Pimsleur, by lesson 20, had done a good job building on the example conversations using the vocabulary taught in the previous lessons. I feel that at each new lesson I would be able to understand most of the next lesson’s listening exercises, which does help build confidence at least within the Pimsleur courses. It is effective also at teaching how to listen for important contextual cues, like question words, specific verbs like eating, drinking, and words you might use while shopping.

Outside of Pimsleur is where I started to learn tougher lessons, the first being that it was still too soon for me to be able to listen to even simple conversations in a YouTube video spoken in Egyptian Arabic. I found my word recognition was slight at best at this point, and not well enough to guess context in a genuine spoken conversation on the street. One example series I had tuned into was built as a “beginners” Egyptian Arabic video where they asked people on the street about their days. I will need to revisit this again when I have learned a lot more.

I did find while on YouTube that there are a few creators who do really good vocabulary videos that were helpful, like Linguamid’s channel. TikTok also has dozens of accounts dedicated to very short practical language lessons, some as short as a single word, like the “that’s easy, Habibi” guy.

Another learning curve I discovered is that translation resources aren’t always available. I feel like it is hit or miss if I can find Egyptian at all in an app when trying to translate or set localization. One of the more complete online dictionaries for Egyptian Arabic has mobile apps but they only work for older builds of iOS and Android, so one has to use the desktop browser mode to access it.

Duolingo today only supports MSA, not Egyptian, but is excellent for teaching a complete beginner to read and guess the sound of Arabic letters. Pimsleur does this but with much less depth, in a visual format of listen and see how the letters sound. Duolingo’s format is better in this specific context although I can see it will get a lot more complicated once the lessons shift away from learning the alphabet to MSA in complete sentences. For now, the brief examples like “big jacket” and “amazing house” are easy enough I don’t feel like I am confusing myself and it does help improve the speed of word recognition. I also feel like Duolingo does a good job teaching you how to guess how a word might be pronounced, and to spot slight differences between short and long vowel sounds.

Next, I searched for music artists who sing in Egyptian Arabic or a mix of Enlish and Arabic and found a few.

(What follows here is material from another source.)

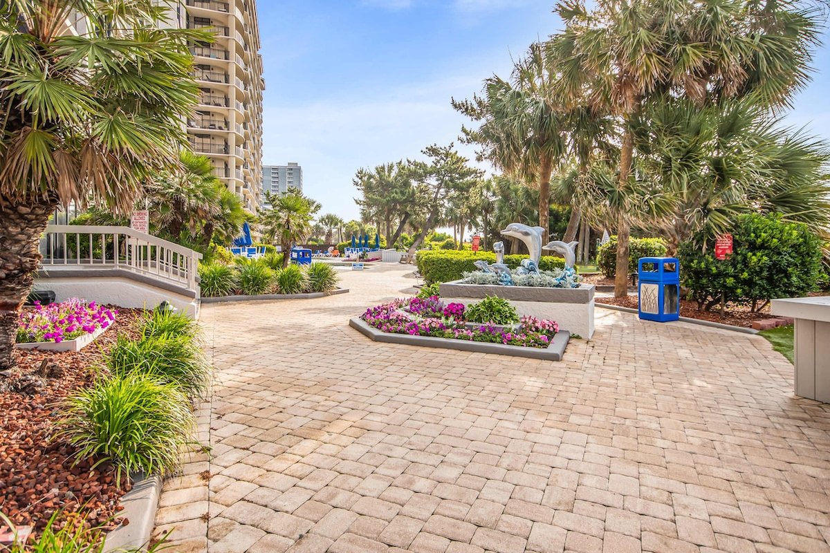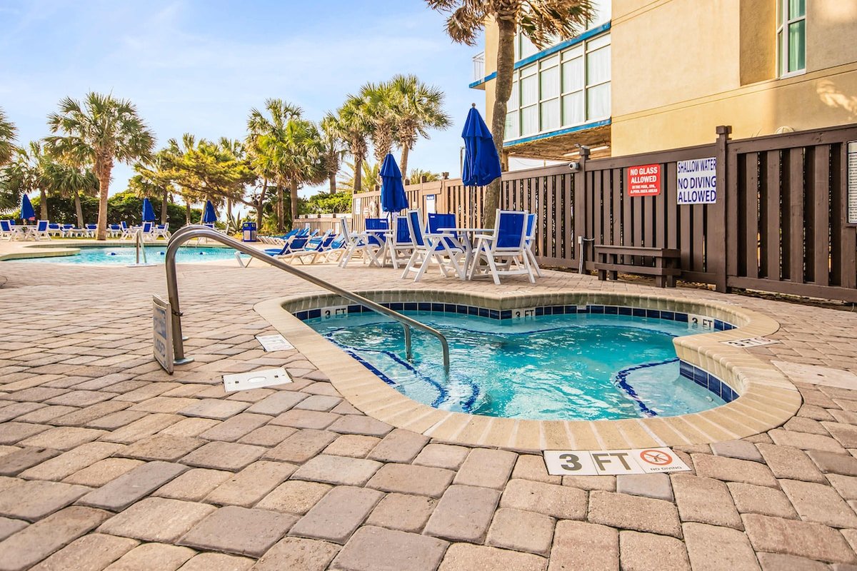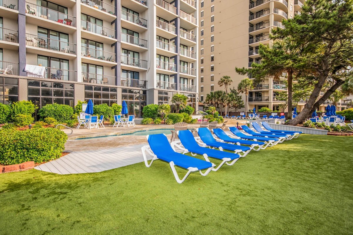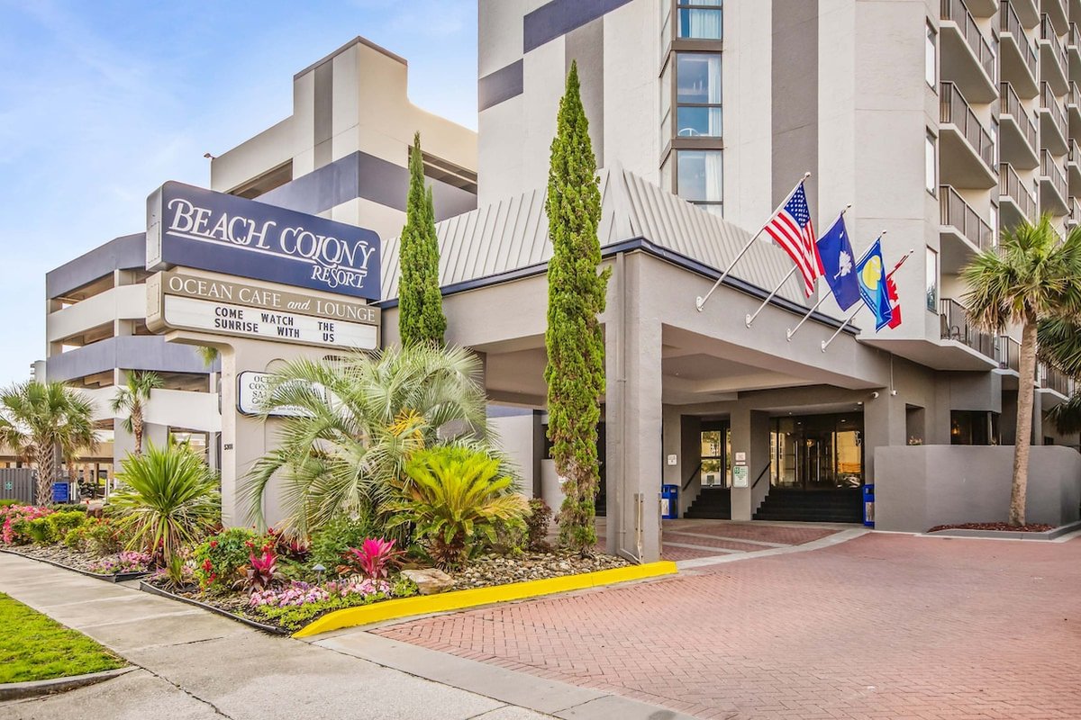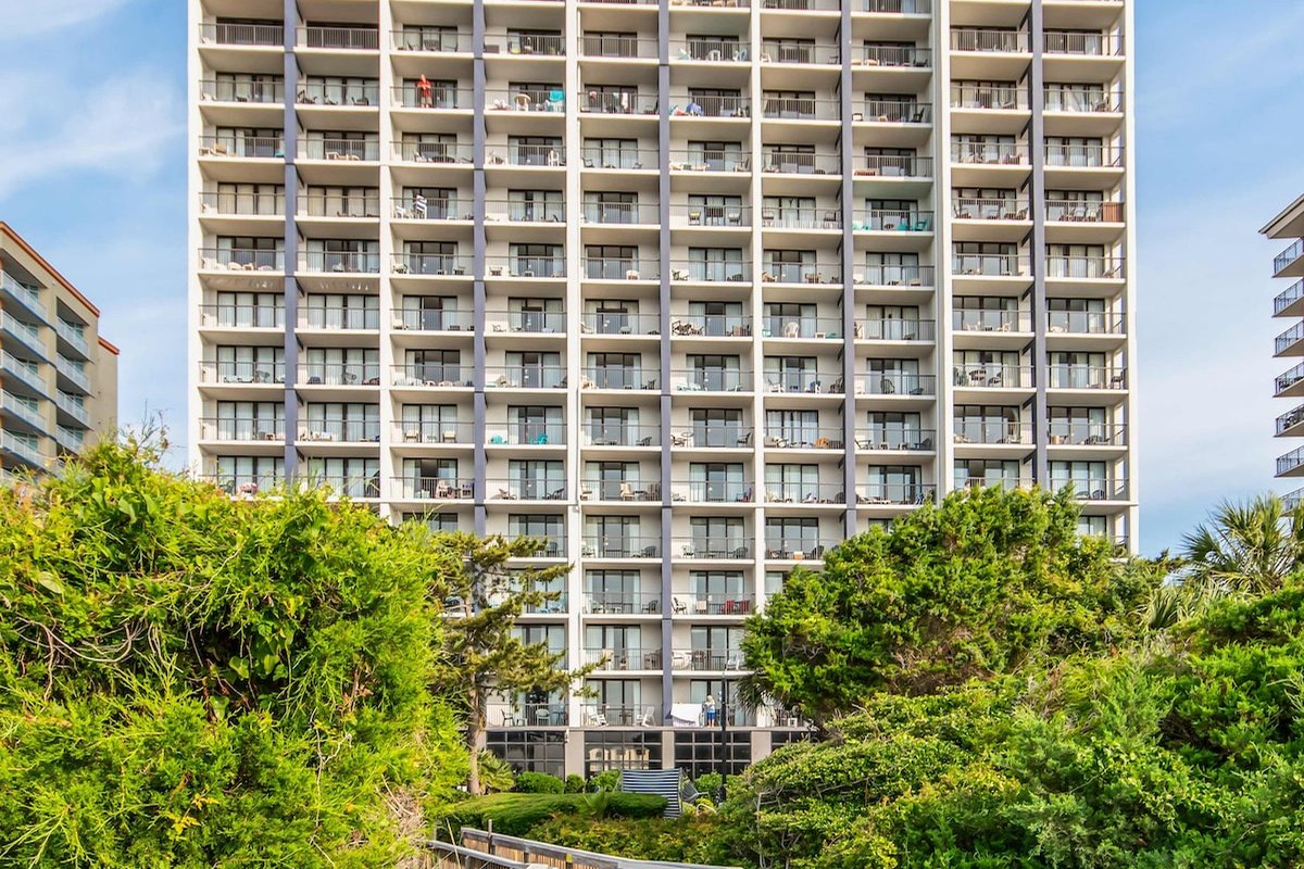 Beach Colony is one of those resorts where you could spend your entire vacation without leaving the property. Heated indoor and outdoor pools, lazy river, hot tubs, tiki bar, restaurant, coffee shop, fitness center, sauna, and an arcade keep everyone entertained. The beautifully landscaped grounds feature hammocks, loungers, and gliders spread throughout. When you're ready to explore, you're in the heart of Myrtle Beach with easy access to everything.

So far my word recognition here is about the same as listening to YouTube – ie, mish kwayes awi. However, it does help me pick out words or phrases I want to learn as I find songs I like. I hope before long to know all the words to a few of them.

Finally, I found some lists I had for both French and Latin America artists and I reflected on how much I recognized in those songs; the latter in Spanish which I had never studied but had lived around folks who were fluent. I think that long exposure to artists who rap in mixed English and Spanish taught me more words than I give myself credit for. I feel the same way about listening to a song in French, in which I can usually pick out quite a few words especially when the song includes statements about self or question words.

Learning something new feels like unused parts of my brain are rejuvenated. I know that before long, the hard work begins but for now I am enjoying how it feels to step outside my comfort zone and discover things I never knew before.

Next update after I complete the Level 1 Pimsleur course, which is 30 days in total.